Task prompt.
Although the records contain pictures, none belong in the copy: restate word for word only the lines from the one with "Muhtar Said Kaprodi" through the one with "ライン配色が映えるリブニット", both included.

※

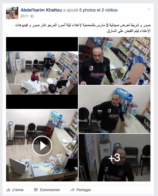 تداول نشطاء بالفيسبوك ليلة أمس الأربعاء صورا مرفقة بشريط فيديو يوثق للحظة تعرض صاحب صيدلية 3 مارس بمدينة المحمدية لاعتداء من طرف لص ، قبل أن يعمد هذا الأخير تحت تهديده لصاحب الصيدلية إلى سرقة ما تيسر له من أدوية ومواد طبية ، تم لاذ بعدها بالفرار .
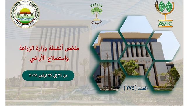 أصدر مركز المعلومات الصوتية والمرئية بوزارة الزراعة واستصلاح الأراضي، "الانفوجراف الاسبوعي" في نسخته رقم 275 حول الحصاد الاسبوعي لأهم أنشطة الوزارة، خلال الاسبوع الماضي في الفترة من 21 وحتى 27 نوفمبر الجاري، كما أصدر المركز ايضا ملخصا بالفيديو، حول انشطة الوزارة خلال نفس الفترة.
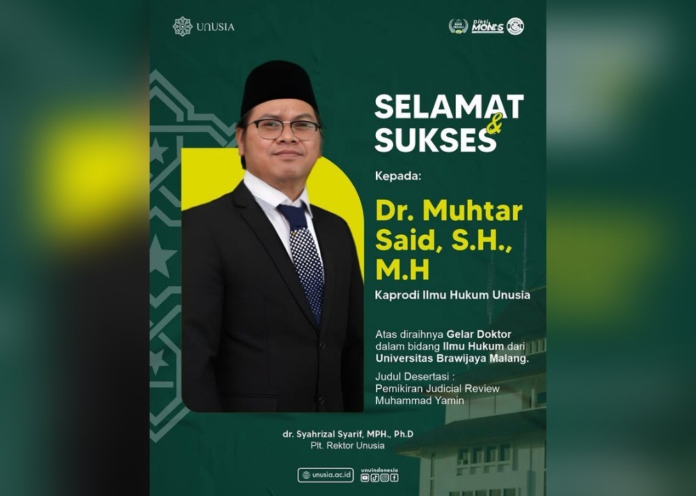 Muhtar Said Kaprodi Ilmu Hukum UNUSIA Raih Gelar Doktor
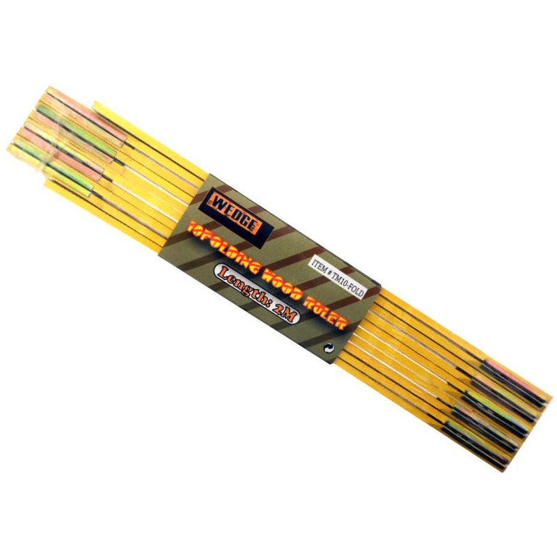 This handy folding wood ruler has a total length of 2m, and folds up neatly at a length of 9". It's great for carpentry and masonry work. It has high visibility black markings on a bright yellow background. This ruler is made of wood, and has zinc plated folding joints.* High contrast black-on-yellow marking * Inches & mm * Compact 9" folded size * Zinc plated folding joints * Total length - 2 meters
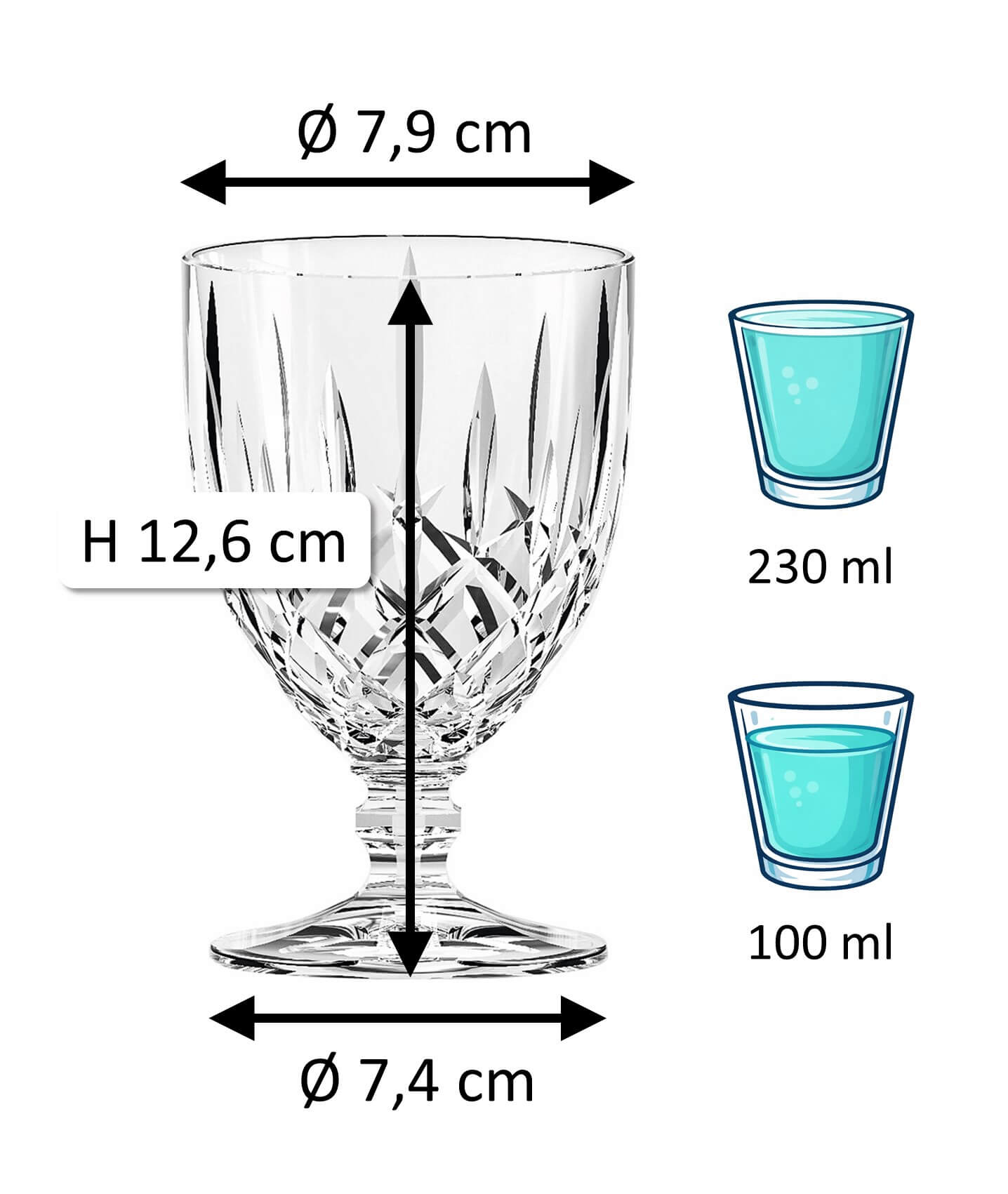 The stem of the wine glass is short and stands on a stable foot. Last but not least, the small wine goblets are made of brilliant crystal glass, which is also suitable for dishwashers.
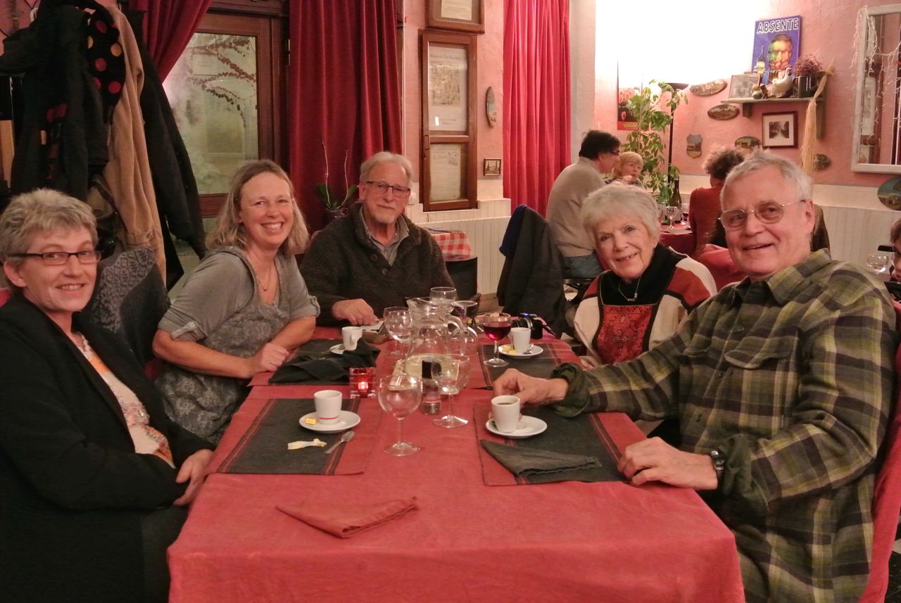 The other diners arrived in dribs and drabs; we nibbled on our olives, sipped our Kir Maryvonne (a house speciality) and chatted until Maryvonne stood up to do a Thanksgiving address.
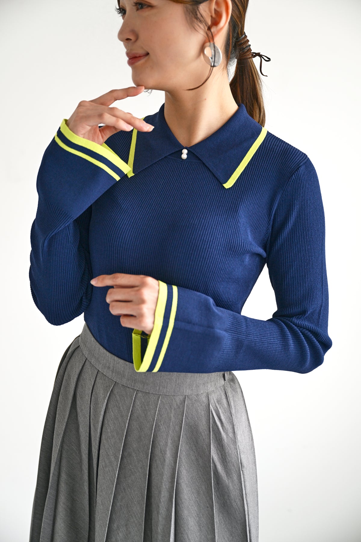 ライン配色が映えるリブニット
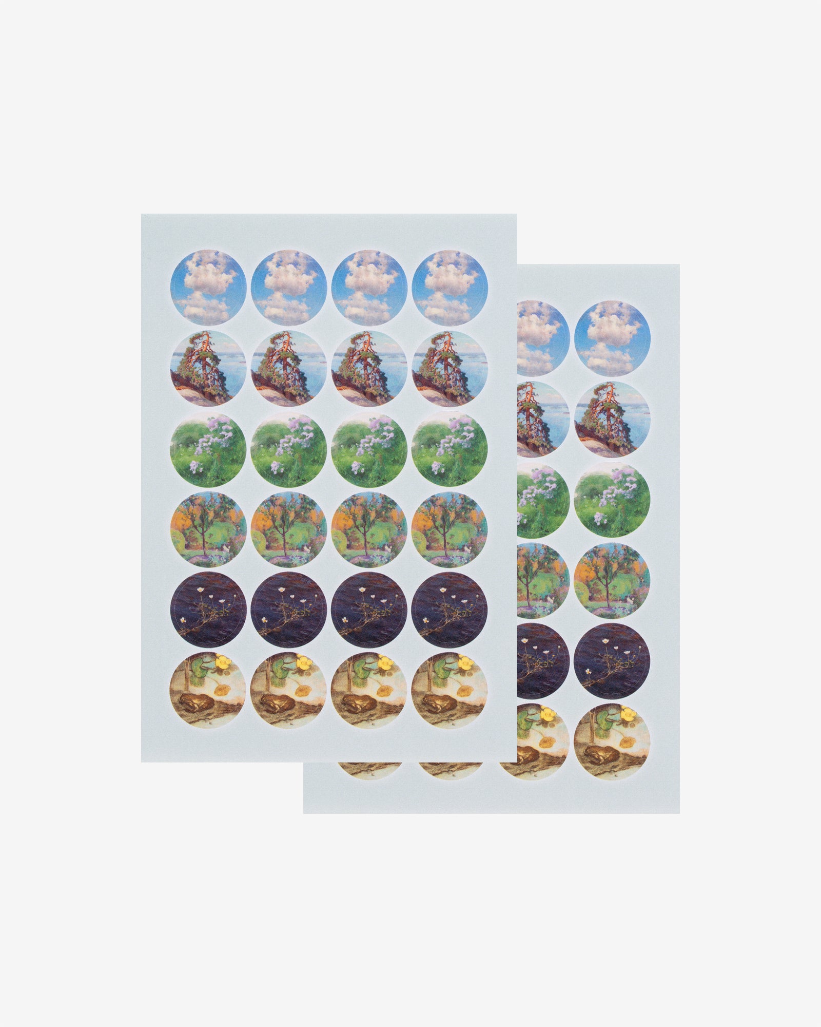 - Paketissa kaksi samanlaista tarra-arkkia, arkissa 24 pyöreää tarraa.
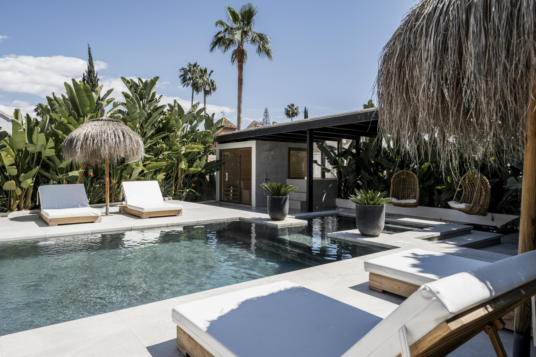 Dit is een elegante gezinswoning, gelegen in het hart van Nueva Andalucía. De woning combineert traditionele Andalusische charme met een eigentijds, minimalistisch interieur, wat resulteert in een warme, verfijnde en functionele sfeer. Dankzij het ontwerp met drie verdiepingen en royale binnen- en buitenruimtes is deze villa een waar toevluchtsoord voor wie op zoek is naar comfort, privacy en een ontspannen levensstijl aan de Costa del Sol.
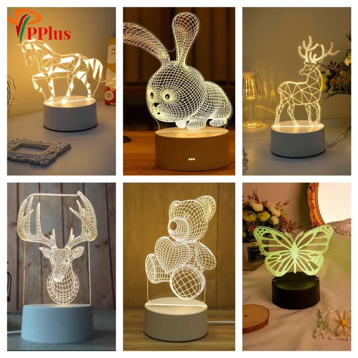Pplus ( Hangat)Lampu Akrilik 3D /Steker + Sakelar / Warna Keren Lampu Kamar Aesthetic / Lampu Malam Led / Lampu Tidur Ae
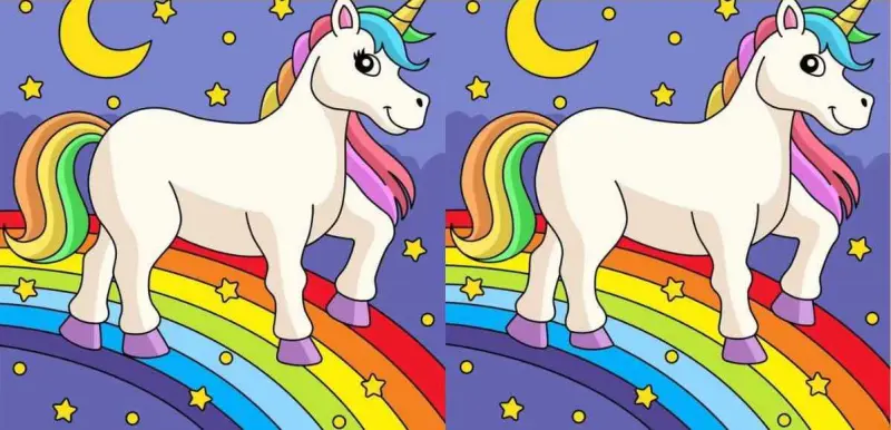У завданні представлені дві однакові картинки єдинорога. Хоча на перший погляд ці дві картинки здаються ідентичними, але це не так. На двох картинках є три відмінності.
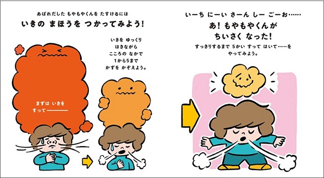本書では深呼吸を“いきのまほう”と表現。吸って、吐いてを繰り返すうちに、心のモヤモヤを鎮める効果があります。
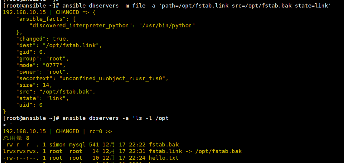 ansible dbservers -m file -a 'path=/opt/fstab.link src=/opt/fstab.bak state=link'
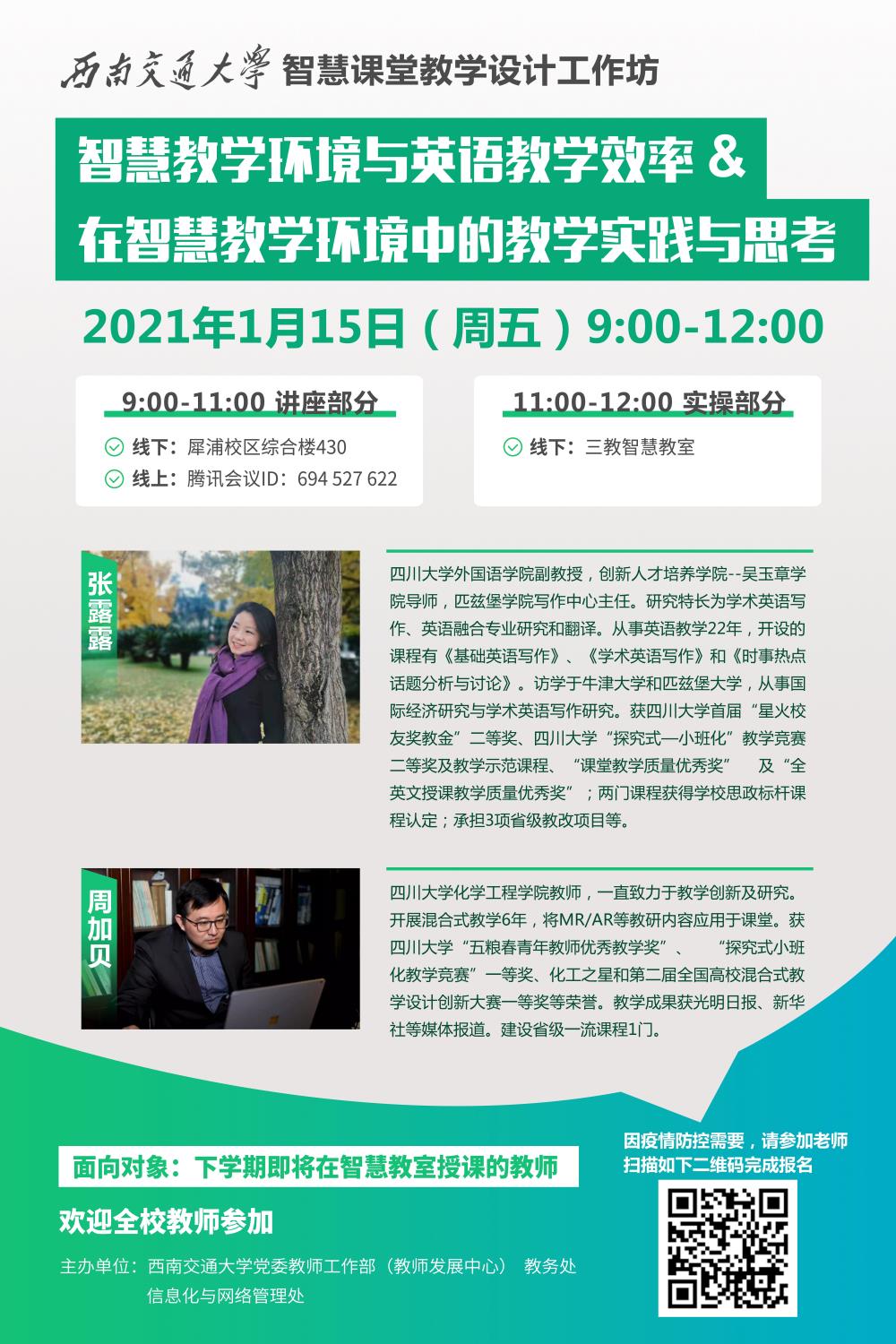 学校智慧教室即将启用,为帮助教师有效利用智慧环境开展教学活动,将邀请四川大学智慧教学专家张露露和周加贝两位老师,结合课程实例,讲授如何进行智慧教学环境中的教学设计。

※

Exercise result.
 Muhtar Said Kaprodi Ilmu Hukum UNUSIA Raih Gelar Doktor
 This handy folding wood ruler has a total length of 2m, and folds up neatly at a length of 9". It's great for carpentry and masonry work. It has high visibility black markings on a bright yellow background. This ruler is made of wood, and has zinc plated folding joints.* High contrast black-on-yellow marking * Inches & mm * Compact 9" folded size * Zinc plated folding joints * Total length - 2 meters
 The stem of the wine glass is short and stands on a stable foot. Last but not least, the small wine goblets are made of brilliant crystal glass, which is also suitable for dishwashers.
 The other diners arrived in dribs and drabs; we nibbled on our olives, sipped our Kir Maryvonne (a house speciality) and chatted until Maryvonne stood up to do a Thanksgiving address.
 ライン配色が映えるリブニット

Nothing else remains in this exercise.